+++ Raw data +++

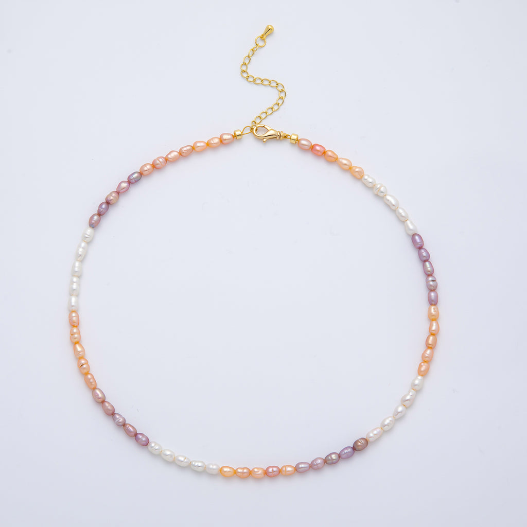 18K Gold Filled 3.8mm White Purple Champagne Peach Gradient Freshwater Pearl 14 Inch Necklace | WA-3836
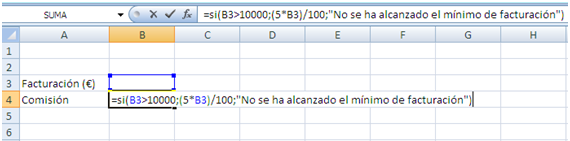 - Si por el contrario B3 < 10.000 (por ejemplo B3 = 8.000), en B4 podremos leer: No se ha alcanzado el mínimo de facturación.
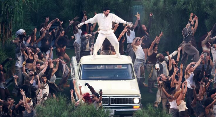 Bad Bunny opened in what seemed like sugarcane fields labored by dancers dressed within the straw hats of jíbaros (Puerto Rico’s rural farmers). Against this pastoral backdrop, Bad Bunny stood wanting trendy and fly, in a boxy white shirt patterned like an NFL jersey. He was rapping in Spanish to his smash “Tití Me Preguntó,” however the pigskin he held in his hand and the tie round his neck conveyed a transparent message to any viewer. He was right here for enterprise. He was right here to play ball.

+++

● **Your instructions**
Everything in the listing except the pictures must come back exactly as written.

● **Result of this exercise**
 18K Gold Filled 3.8mm White Purple Champagne Peach Gradient Freshwater Pearl 14 Inch Necklace | WA-3836
 - Si por el contrario B3 < 10.000 (por ejemplo B3 = 8.000), en B4 podremos leer: No se ha alcanzado el mínimo de facturación.
 Bad Bunny opened in what seemed like sugarcane fields labored by dancers dressed within the straw hats of jíbaros (Puerto Rico’s rural farmers). Against this pastoral backdrop, Bad Bunny stood wanting trendy and fly, in a boxy white shirt patterned like an NFL jersey. He was rapping in Spanish to his smash “Tití Me Preguntó,” however the pigskin he held in his hand and the tie round his neck conveyed a transparent message to any viewer. He was right here for enterprise. He was right here to play ball.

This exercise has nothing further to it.